A color changing stress-sensor

Michael J. Therien, Ivan J. Dmochowski, and Daniel A. Hammer, (2011)

irg2 hightlight 2.12Composites are a means of designing the material properties of an assembly through collective interactions. Here we show that we can make a color-changing stress sensor within the membrane of of a synthetic capsule. Porphyrin molecules – macromolecules that emit light depending on their configuration – are embedded in the membrane of a synthetic capsule made of polymer. When the membrane is stressed in a glass tube under regulated pressure, the stretching of the membrane induces a conformational change in the porphyrin and a change in the color it emits. By directly relating the membrane stress to to the color, we can calibrate the stress sensor. The linear correlation between stress and change in wavelength of light means that an optical detector can be used to measure stress.

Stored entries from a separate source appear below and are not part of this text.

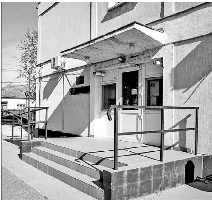
Bővítik az orvosi rendelő épületét. Két helyiségből áll majd a fogorvosi részleg.
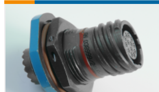
TE 产品编号YACT24MD35PAV00100 JAM NUT RECEPTACLE
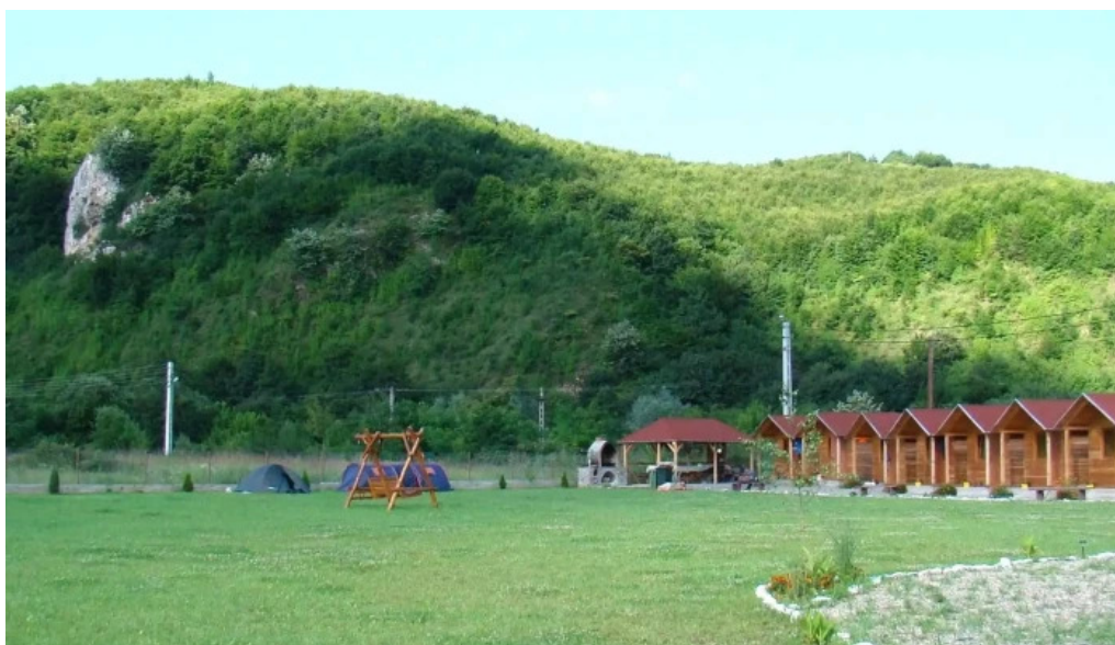
Camping vadu crisului zon?

Neha P. Kamat, Zhengzheng Liao, Laurel E. Moses, Jeff Rawson, Michael J. Therien, Ivan J. Dmochowski, and Daniel A. Hammer, Proceedings of the National Academy of Sciences USA, 2011

(A) Aspiration of a polymersome membrane into a micropipette results in a blue shift of PZn2 emission in response to the applied membrane stress.  Increasing the tension in the polymersome membrane from (a) 0.8 dyne/cm to (b) 1.7 dyne/cm to (c) 4.7 dyne/cm, causes embedded porphyrin fluorophores to shift emission to lower wavelengths.  Scale bar is 30 µm (B) The fraction of PZn2 fluorophores in a twisted state linearly increases in response to increasing membrane tension. The ratio of emission intensities at λtwisted = 690nm  to λplanar = 730 nm was determined using a PMT and 730 ± 10nm and 690 ± 10nm band pass emission filters. (C) Applied tension through aspiration causes a lateral area expansion of the membrane and results in a porphyrin blue shift for embedded PZn2 fluorophores. The increase in membrane area that occurs upon aspiration of the polymersome scales linearly with the increase of fluorophores in the twisted state. Linear fits give R2 values of (B) 0.97 and (C) 0.98. (D) The adjusted 690nm/730nm intensity ratios for several polymersomes undergoing aspiration are plotted. The increase in PZn2 intensity ratio with applied tension occurs at a similar rate, as demonstrated by the similar slopes of intensity ratio vs tension curves. The average slope, calculated from the best-fit line of each polymersome, is displayed on the chart.